Source data:
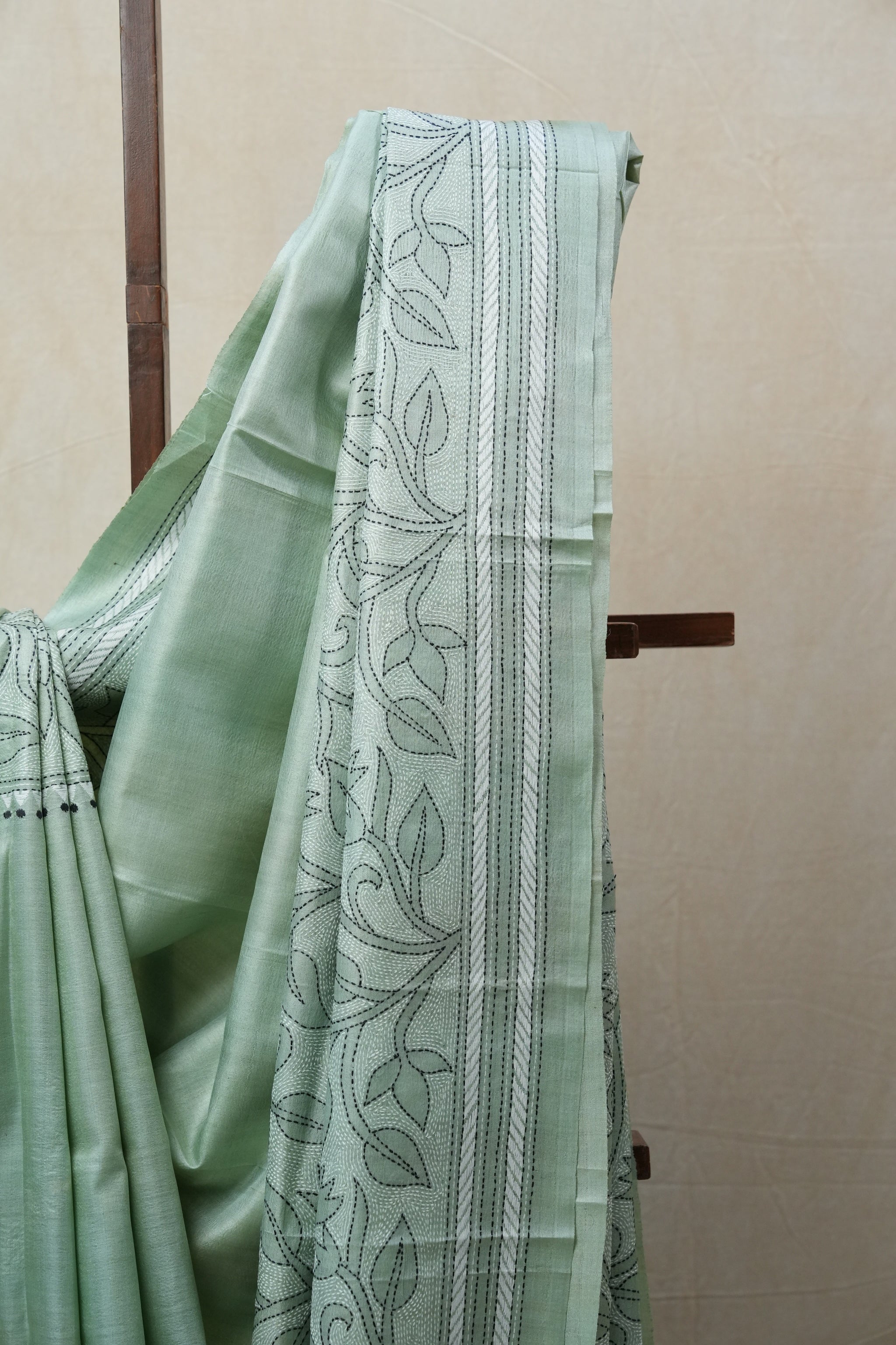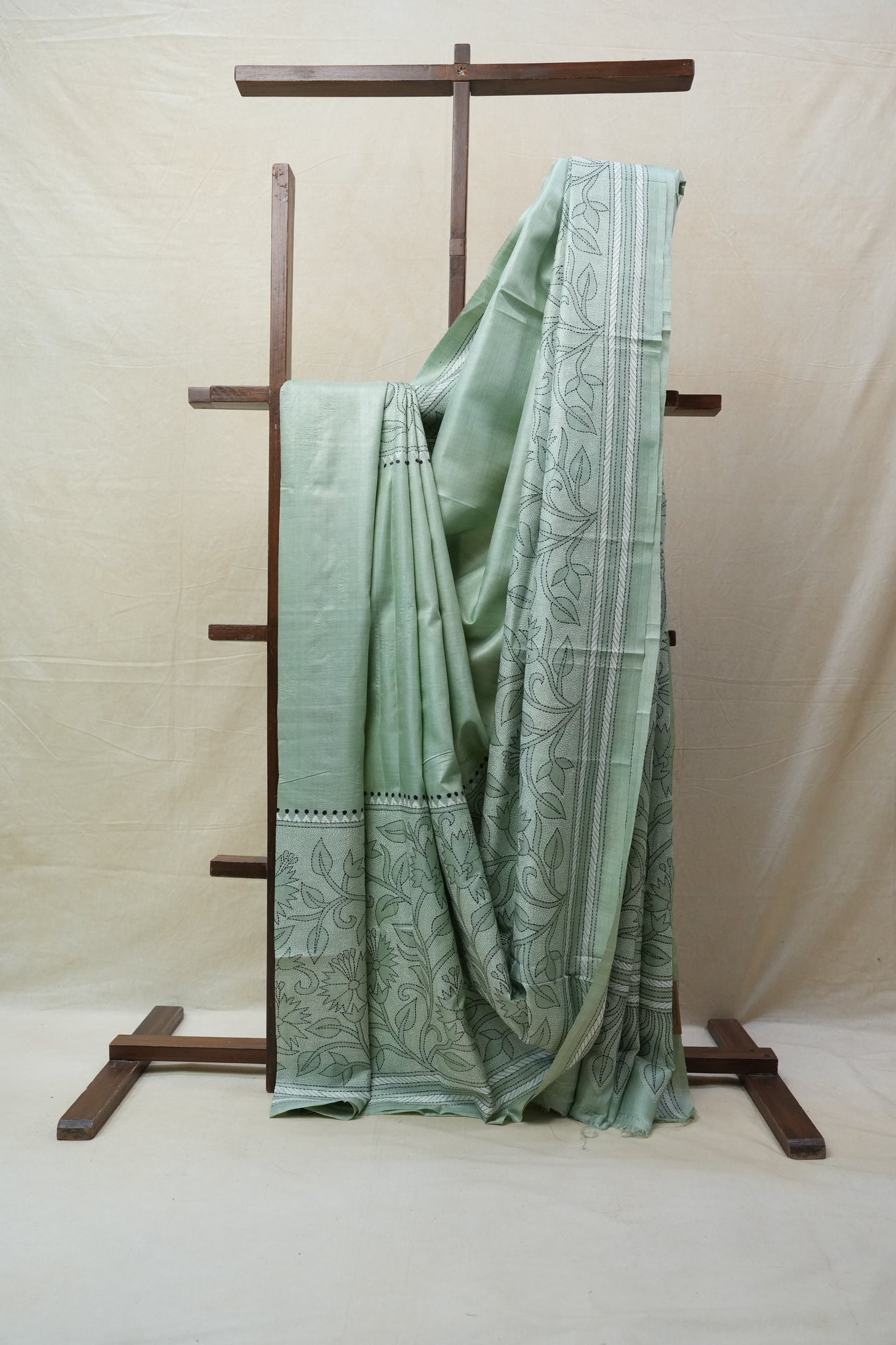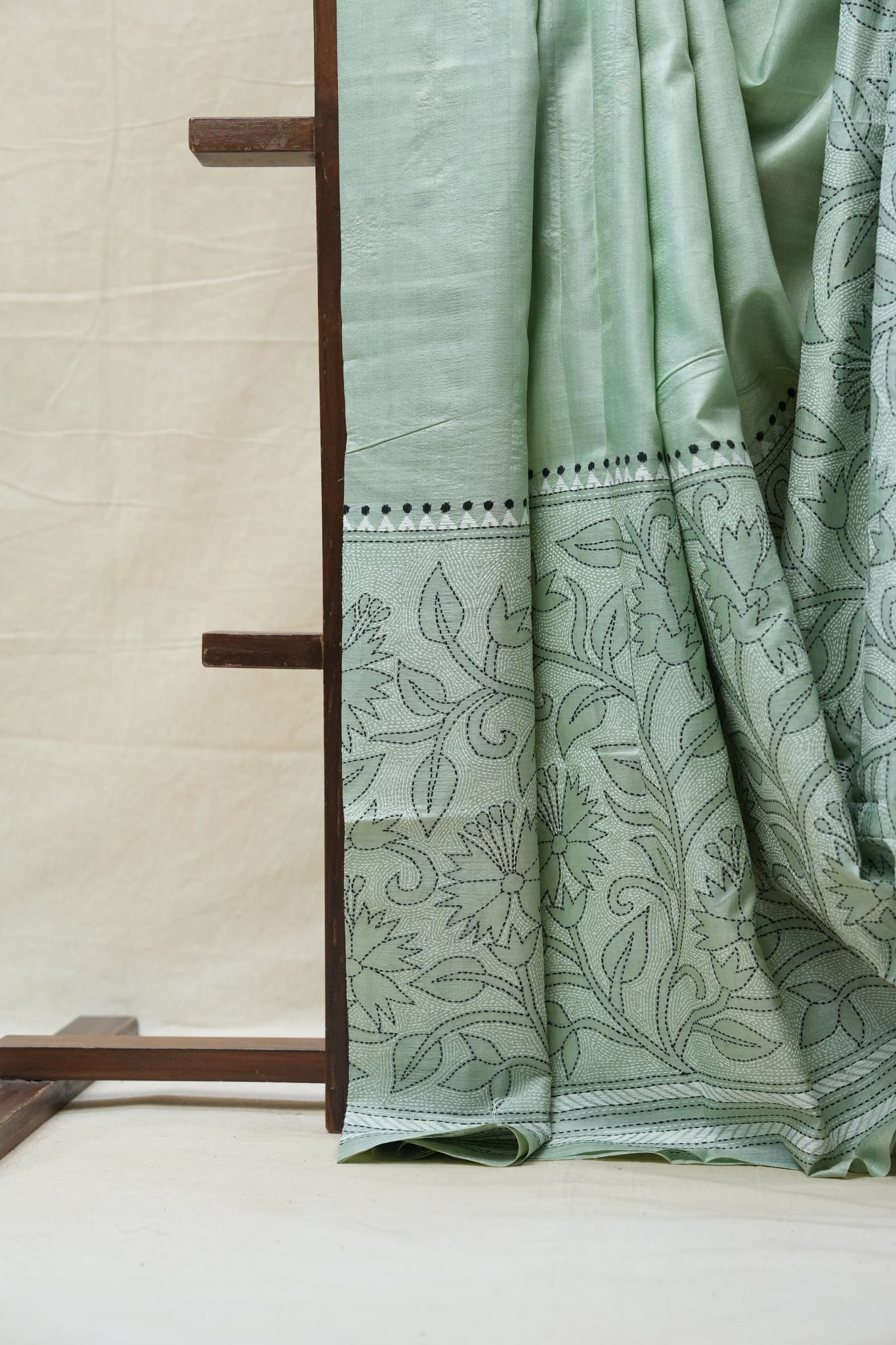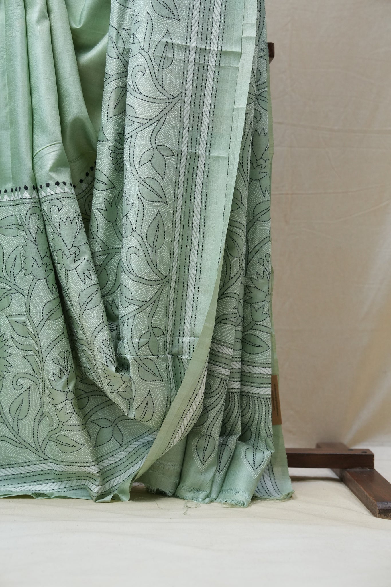Work - This kantha tussar saree features intricate hand-embroidered kantha work with vibrant floral and paisley motifs.
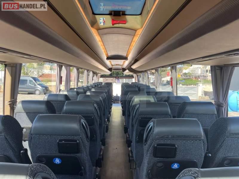 : lodówka, fotele odchylane, ABS, ASR, retarder, CD, podnóżki, stoliczki, mikrofon, klimatyzacja, DVD, ogrzewanie stacjonarne
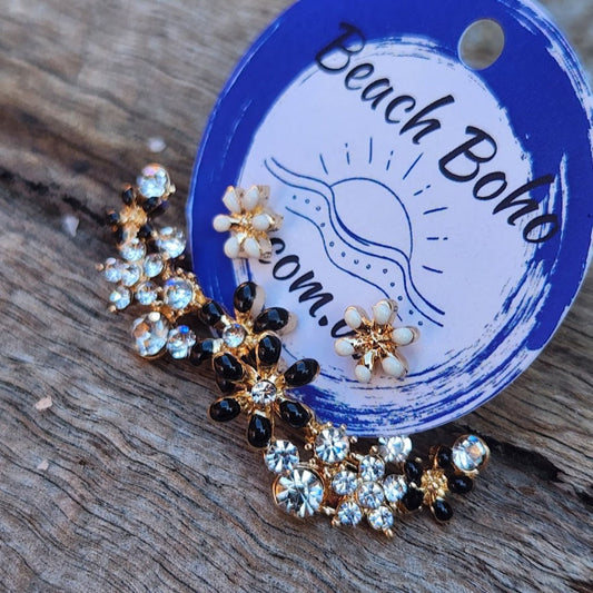 BLACK & WHITE DAISIES - BACK STUD GOLD PLATED EARRINGS
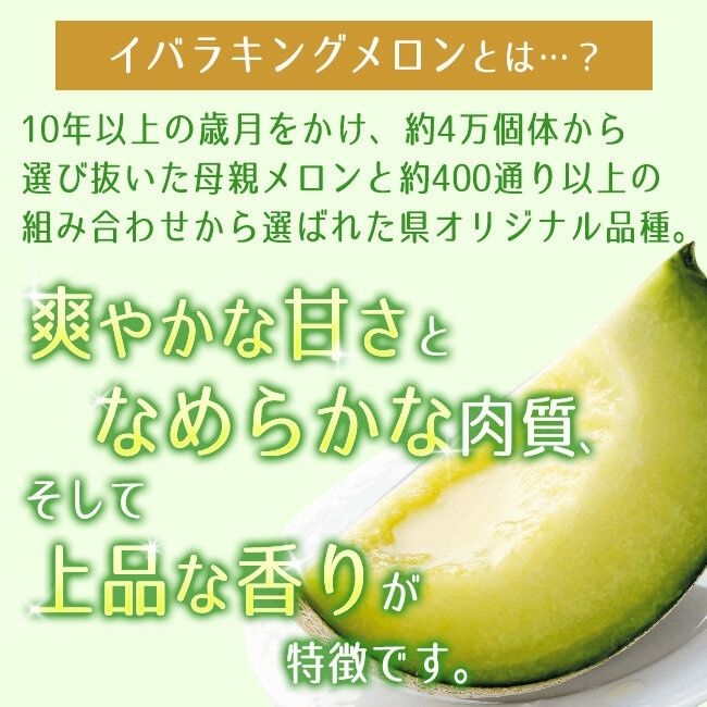 茨城で生まれたオリジナル品種です。爽やかな甘さと滑らかな肉質、上品な香りが特徴的な青肉メロンです。見た目がわけありですが美味しさそのままです。ご家庭用にどうぞ。
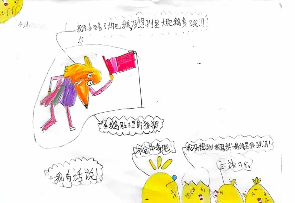 恭喜宇恒。宇恒真的站在狐狸的角度来说话。宇恒展示了如果重来。狐狸会在那一个方面更放个留心,充分展现了“经一事,长一智”的样子,无奈狐狸已经在鹅的肚子里了。还有,老师很喜欢宇恒最后一句,让人给人积极生活的鼓励:如果让我再来一次,我一定要学习这次的经验。下次只许成功,不许失败!
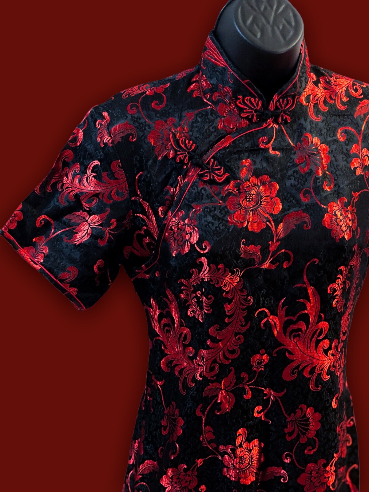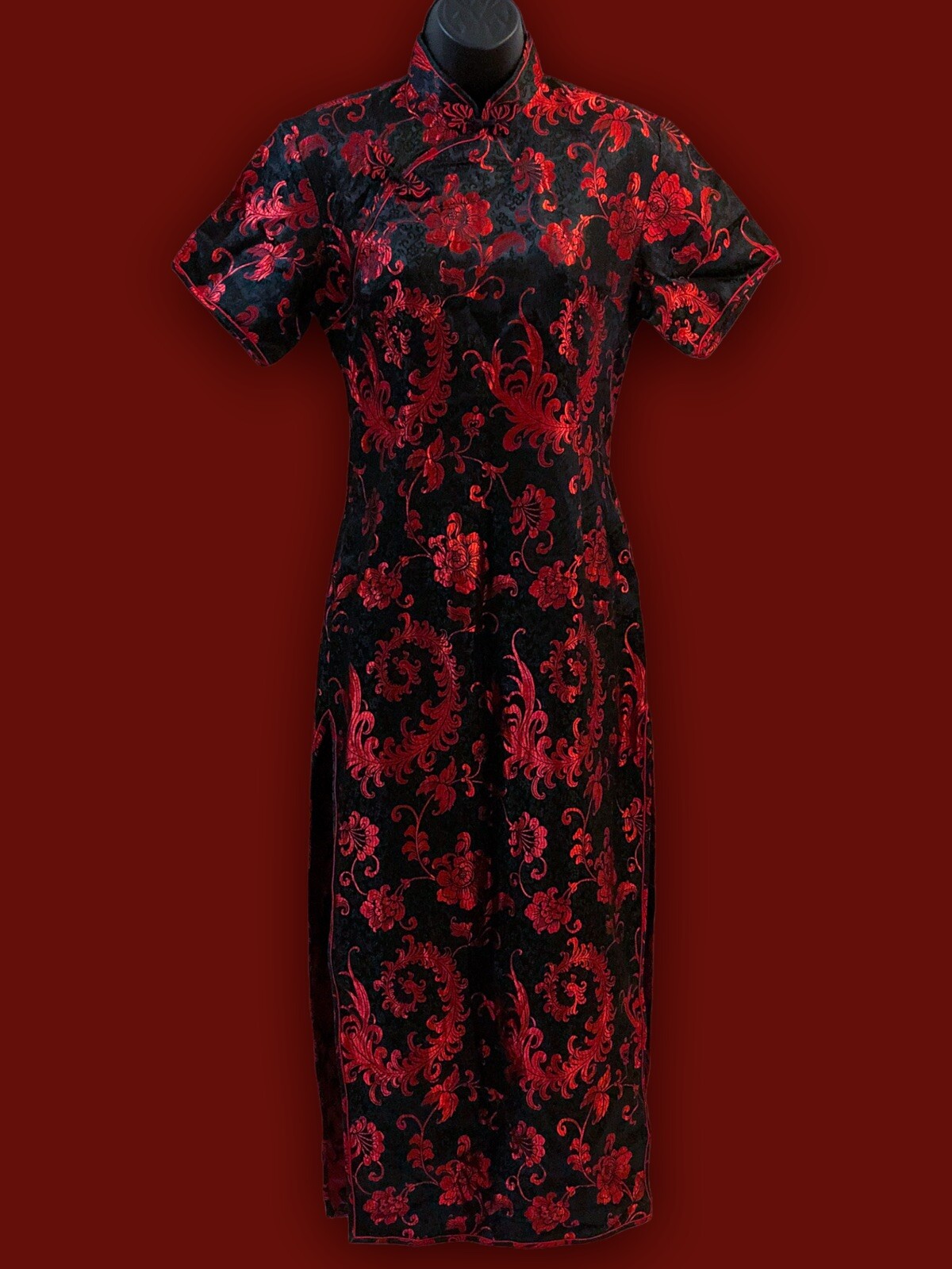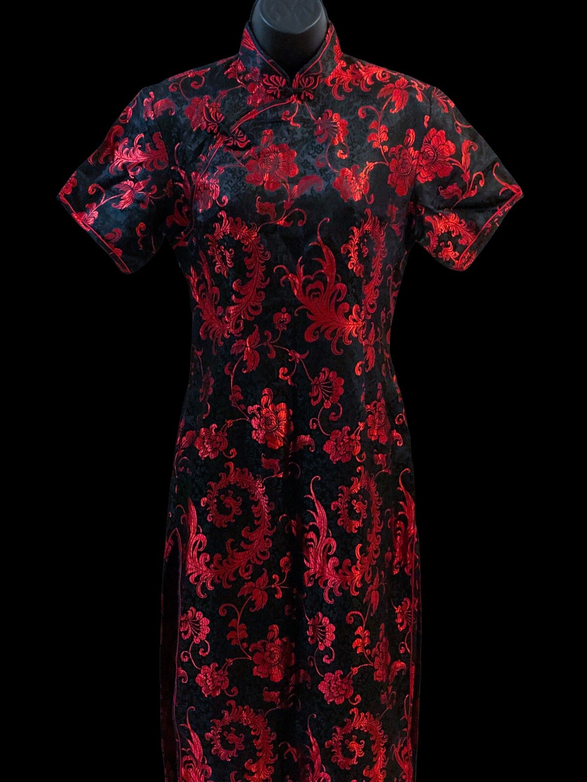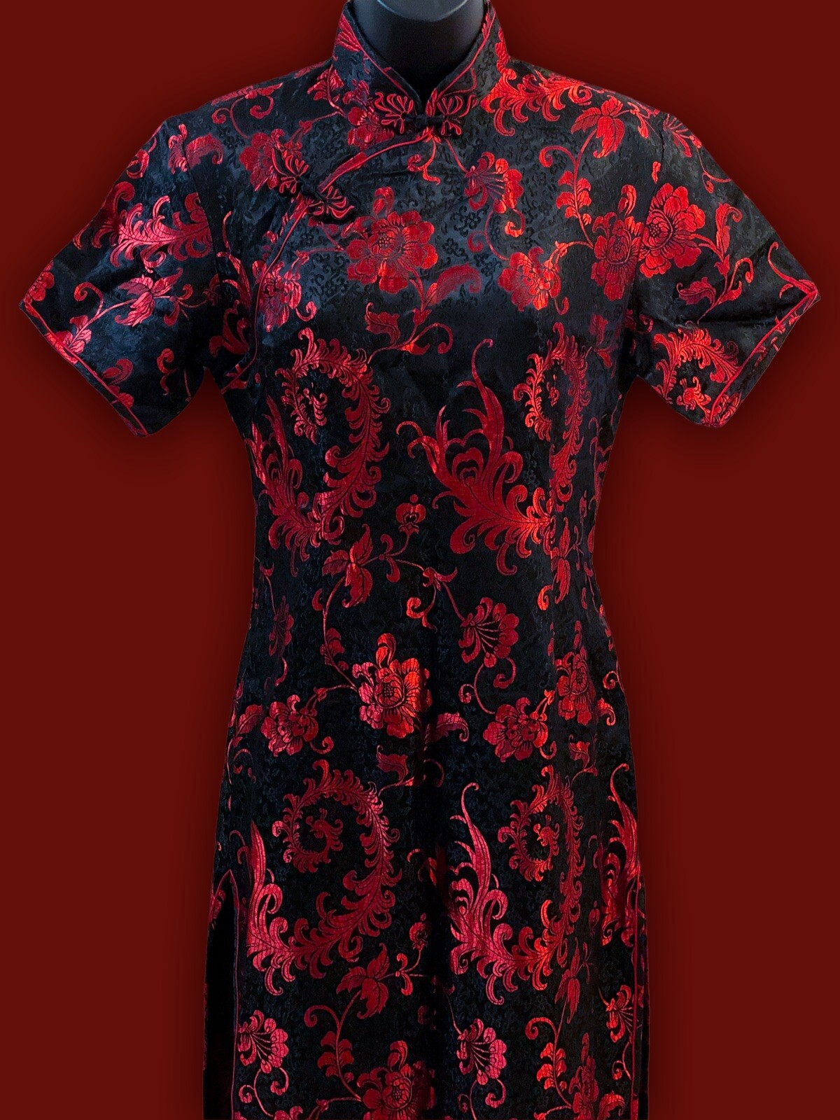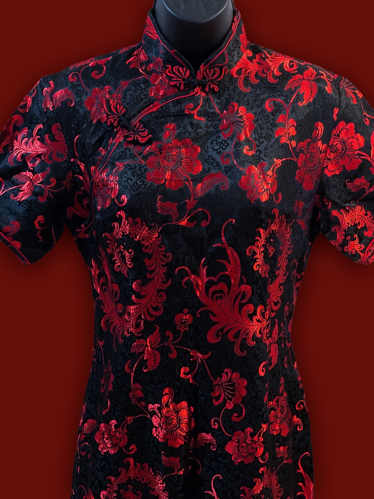 Chinese Brocade, Red, Black, Vintage, Party, Birthday, Wedding, 90s, 80s, 70s, Elegant, Summer, Fall, Winter, Spring, Celebration, Bohemian, City, Classic, Designer, Flower, Love, Rose, Retro, Halloween, Hippie, Hipster, Ethnic, Qipao Dress, Cheongsam Dress |

Exercise instructions: For this answer, return word for word the lines from the first line of the records through the line containing "恭喜宇恒。宇恒真的站在狐狸的". Omit the pictures.

Task response:
Work - This kantha tussar saree features intricate hand-embroidered kantha work with vibrant floral and paisley motifs.
 : lodówka, fotele odchylane, ABS, ASR, retarder, CD, podnóżki, stoliczki, mikrofon, klimatyzacja, DVD, ogrzewanie stacjonarne
 BLACK & WHITE DAISIES - BACK STUD GOLD PLATED EARRINGS
 茨城で生まれたオリジナル品種です。爽やかな甘さと滑らかな肉質、上品な香りが特徴的な青肉メロンです。見た目がわけありですが美味しさそのままです。ご家庭用にどうぞ。
 恭喜宇恒。宇恒真的站在狐狸的角度来说话。宇恒展示了如果重来。狐狸会在那一个方面更放个留心,充分展现了“经一事,长一智”的样子,无奈狐狸已经在鹅的肚子里了。还有,老师很喜欢宇恒最后一句,让人给人积极生活的鼓励:如果让我再来一次,我一定要学习这次的经验。下次只许成功,不许失败!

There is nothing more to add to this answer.